§ INPUT DATA
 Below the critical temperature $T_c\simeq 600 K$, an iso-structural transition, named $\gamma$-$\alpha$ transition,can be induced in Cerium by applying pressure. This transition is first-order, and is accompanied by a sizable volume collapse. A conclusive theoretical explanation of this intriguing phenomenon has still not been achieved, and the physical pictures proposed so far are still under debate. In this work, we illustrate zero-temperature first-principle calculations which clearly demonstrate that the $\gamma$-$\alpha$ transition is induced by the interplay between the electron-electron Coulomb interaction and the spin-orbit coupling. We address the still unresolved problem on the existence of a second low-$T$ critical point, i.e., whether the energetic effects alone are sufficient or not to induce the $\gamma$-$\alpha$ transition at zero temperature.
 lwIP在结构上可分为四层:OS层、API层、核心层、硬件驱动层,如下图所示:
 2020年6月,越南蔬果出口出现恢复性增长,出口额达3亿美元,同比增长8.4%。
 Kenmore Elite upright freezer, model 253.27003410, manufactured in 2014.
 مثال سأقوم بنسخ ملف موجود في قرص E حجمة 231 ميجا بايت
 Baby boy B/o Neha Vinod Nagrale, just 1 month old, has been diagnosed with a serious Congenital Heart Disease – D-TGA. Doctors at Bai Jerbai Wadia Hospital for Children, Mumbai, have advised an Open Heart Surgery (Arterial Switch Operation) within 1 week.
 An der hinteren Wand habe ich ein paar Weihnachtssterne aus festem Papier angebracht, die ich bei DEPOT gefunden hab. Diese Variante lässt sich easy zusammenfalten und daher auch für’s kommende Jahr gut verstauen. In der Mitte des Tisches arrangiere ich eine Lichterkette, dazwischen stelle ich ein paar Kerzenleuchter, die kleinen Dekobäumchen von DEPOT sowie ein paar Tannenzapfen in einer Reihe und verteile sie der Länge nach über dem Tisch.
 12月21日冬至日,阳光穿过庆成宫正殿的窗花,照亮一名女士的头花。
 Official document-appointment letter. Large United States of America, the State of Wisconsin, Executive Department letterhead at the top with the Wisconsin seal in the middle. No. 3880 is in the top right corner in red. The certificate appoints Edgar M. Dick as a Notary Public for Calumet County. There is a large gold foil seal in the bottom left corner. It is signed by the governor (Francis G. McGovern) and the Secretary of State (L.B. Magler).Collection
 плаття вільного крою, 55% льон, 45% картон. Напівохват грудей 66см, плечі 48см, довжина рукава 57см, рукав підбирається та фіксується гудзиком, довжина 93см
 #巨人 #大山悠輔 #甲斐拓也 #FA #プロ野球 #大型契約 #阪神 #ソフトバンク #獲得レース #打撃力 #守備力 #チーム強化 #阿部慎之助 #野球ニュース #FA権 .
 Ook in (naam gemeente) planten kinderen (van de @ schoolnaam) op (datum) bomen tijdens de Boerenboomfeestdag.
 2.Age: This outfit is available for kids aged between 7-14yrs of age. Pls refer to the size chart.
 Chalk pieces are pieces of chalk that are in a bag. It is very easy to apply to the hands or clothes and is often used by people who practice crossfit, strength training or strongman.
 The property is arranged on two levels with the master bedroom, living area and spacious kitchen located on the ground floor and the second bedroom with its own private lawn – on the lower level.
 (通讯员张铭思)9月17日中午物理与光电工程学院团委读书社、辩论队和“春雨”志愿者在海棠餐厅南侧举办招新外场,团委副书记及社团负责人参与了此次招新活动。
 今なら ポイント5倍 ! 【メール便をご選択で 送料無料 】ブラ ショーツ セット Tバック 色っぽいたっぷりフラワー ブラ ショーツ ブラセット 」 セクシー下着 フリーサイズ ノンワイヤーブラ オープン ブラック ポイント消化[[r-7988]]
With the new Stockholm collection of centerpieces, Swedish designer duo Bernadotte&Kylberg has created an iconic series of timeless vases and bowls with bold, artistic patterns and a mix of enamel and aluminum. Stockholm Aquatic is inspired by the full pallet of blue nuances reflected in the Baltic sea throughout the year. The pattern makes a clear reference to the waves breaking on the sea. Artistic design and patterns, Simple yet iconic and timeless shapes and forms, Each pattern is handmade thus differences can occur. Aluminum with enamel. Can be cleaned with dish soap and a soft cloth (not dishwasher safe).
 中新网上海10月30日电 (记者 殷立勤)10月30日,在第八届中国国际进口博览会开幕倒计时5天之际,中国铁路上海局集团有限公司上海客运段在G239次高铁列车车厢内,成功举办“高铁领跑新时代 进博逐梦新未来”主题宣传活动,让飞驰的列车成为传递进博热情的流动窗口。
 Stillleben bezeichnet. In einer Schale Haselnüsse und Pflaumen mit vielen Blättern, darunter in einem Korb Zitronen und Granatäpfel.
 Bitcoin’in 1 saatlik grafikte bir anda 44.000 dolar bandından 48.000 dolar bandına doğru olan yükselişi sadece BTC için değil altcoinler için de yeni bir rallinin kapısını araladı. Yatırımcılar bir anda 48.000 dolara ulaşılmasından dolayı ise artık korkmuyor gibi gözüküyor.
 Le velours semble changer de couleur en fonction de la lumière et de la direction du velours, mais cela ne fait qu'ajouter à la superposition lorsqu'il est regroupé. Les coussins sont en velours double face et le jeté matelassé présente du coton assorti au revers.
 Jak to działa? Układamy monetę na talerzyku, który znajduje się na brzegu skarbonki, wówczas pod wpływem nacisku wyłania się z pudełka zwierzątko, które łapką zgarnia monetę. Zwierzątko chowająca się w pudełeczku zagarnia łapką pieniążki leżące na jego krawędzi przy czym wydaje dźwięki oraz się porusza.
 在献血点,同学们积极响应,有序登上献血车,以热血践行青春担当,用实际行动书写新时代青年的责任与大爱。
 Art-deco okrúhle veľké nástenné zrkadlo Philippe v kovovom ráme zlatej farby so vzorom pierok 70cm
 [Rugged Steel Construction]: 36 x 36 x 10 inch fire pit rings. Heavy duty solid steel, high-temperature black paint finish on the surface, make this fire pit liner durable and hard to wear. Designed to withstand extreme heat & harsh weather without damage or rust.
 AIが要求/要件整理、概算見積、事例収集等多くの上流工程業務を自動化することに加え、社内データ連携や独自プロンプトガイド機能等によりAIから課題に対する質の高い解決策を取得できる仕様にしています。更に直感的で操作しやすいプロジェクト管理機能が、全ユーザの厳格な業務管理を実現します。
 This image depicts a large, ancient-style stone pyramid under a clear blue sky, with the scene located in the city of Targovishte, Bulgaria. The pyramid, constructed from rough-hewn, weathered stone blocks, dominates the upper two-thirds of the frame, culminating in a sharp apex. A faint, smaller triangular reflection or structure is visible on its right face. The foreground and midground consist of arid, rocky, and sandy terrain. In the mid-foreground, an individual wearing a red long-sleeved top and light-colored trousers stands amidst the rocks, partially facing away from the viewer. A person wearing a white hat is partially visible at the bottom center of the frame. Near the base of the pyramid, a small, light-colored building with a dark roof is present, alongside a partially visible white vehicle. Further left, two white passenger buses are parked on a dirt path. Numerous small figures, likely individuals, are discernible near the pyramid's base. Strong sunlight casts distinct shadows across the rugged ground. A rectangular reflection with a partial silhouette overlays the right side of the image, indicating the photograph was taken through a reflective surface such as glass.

§ TASK TO COMPLETE
In the listing above, find the line with "在献血点,同学们积极响应,有" and the line with "Art-deco okrúhle veľké", then print exactly those two lines and every line between them, and nothing more.

§ TASK OUTPUT
 在献血点,同学们积极响应,有序登上献血车,以热血践行青春担当,用实际行动书写新时代青年的责任与大爱。
 Art-deco okrúhle veľké nástenné zrkadlo Philippe v kovovom ráme zlatej farby so vzorom pierok 70cm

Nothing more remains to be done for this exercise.